En effet, lorsqu’il s’agit de connaître les différents critères auxquels s’attachent les consommateurs lors de l’achat d’un produit, 85% déclarent que l’avis d’un proche est le plus important. Pour 77%, ce sont les labels et certifications qui ont de l’importance et 75% se réfèrent aux témoignages des consommateurs. Enfin, l’image de marque de l’entreprise qui commercialise le produit est aussi très importante pour 68% des sondés. Sachant -et c’est l’autre enseignement plutôt rassurant de cette enquête- qu’une entreprise bénéficiant d’une image de marque appréciée profite d’un avantage concurrentiel mais qui a ses limites. Car selon Arnaud Steinkuhler : « cette image doit sans doute être repensée. En effet, l’image de marque ne doit plus se construire sur des concepts de performance, de puissance et de domination mais davantage sur des valeurs d’humanité, de dialogue, d’ouverture et de proximité». Autant dire que face aux Français rompus à l’exercice du donnant/donnant et prêts à ne compter que sur eux-mêmes, les marques ne peuvent pas se contenter d’agiter leur nom et leur notoriété ou de servir une opération vite faite bien faite.

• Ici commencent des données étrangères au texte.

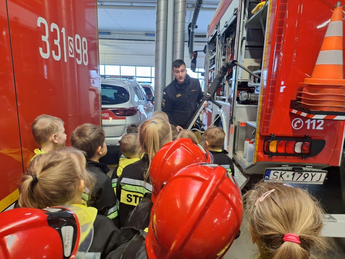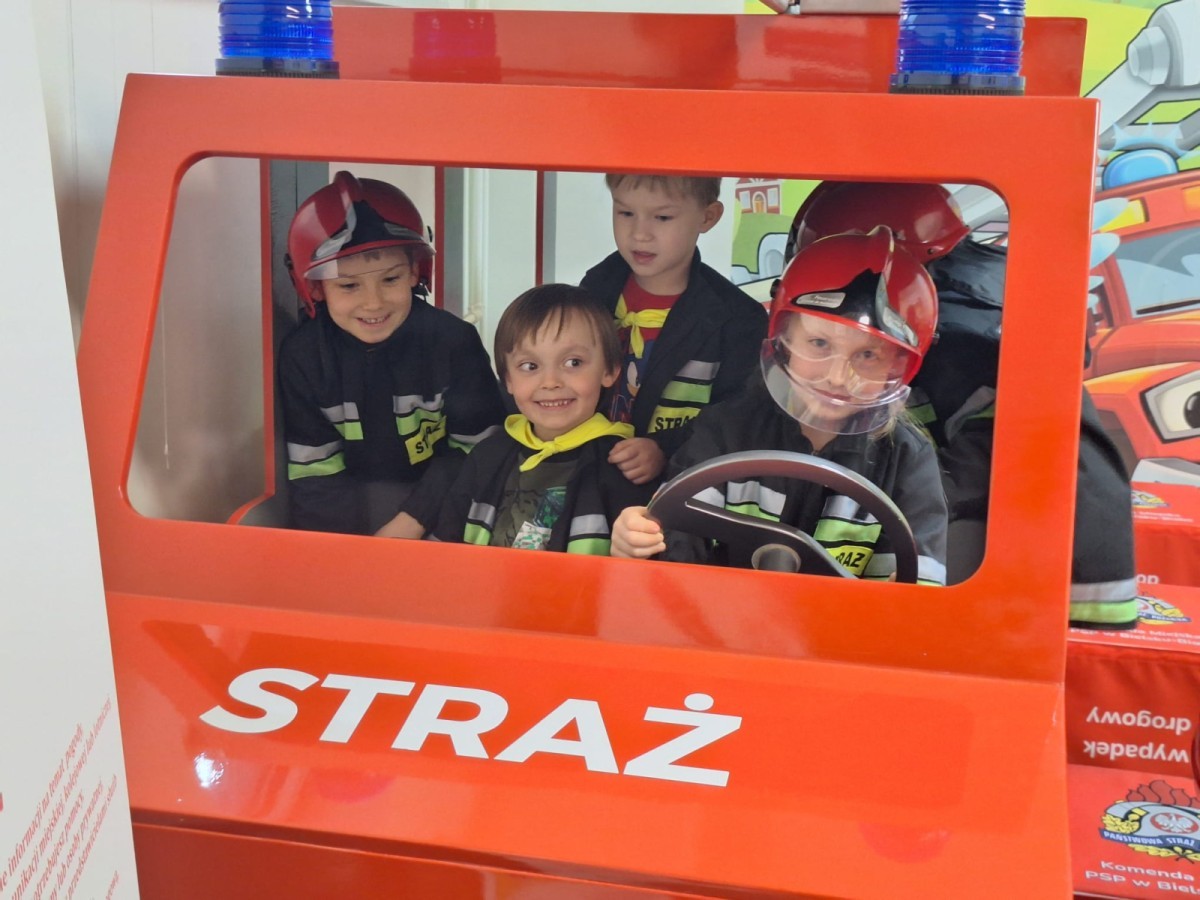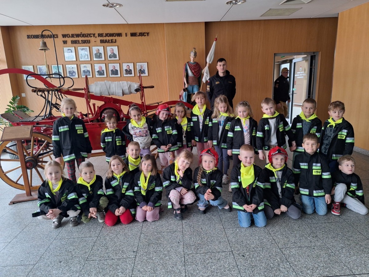 Dziś mieliśmy wyjątkową okazję odwiedzić Komendę Państwowej Straży Pożarnej w Bielsku-Białej, gdzie dzieci mogły z bliska poznać pracę strażaków i zobaczyć ich codzienną służbę.

Si elles veulent engager leurs clients, elles doivent mouiller la chemise, mettre en commun le travail de leurs différentes équipes pour s’engager elles même sur tous les fronts.

 

(*) Auprès de 1000 personnes représentatives de la population française âgée de 18 ans et plus, et constituée par la méthode des quotas, en juillet 2015.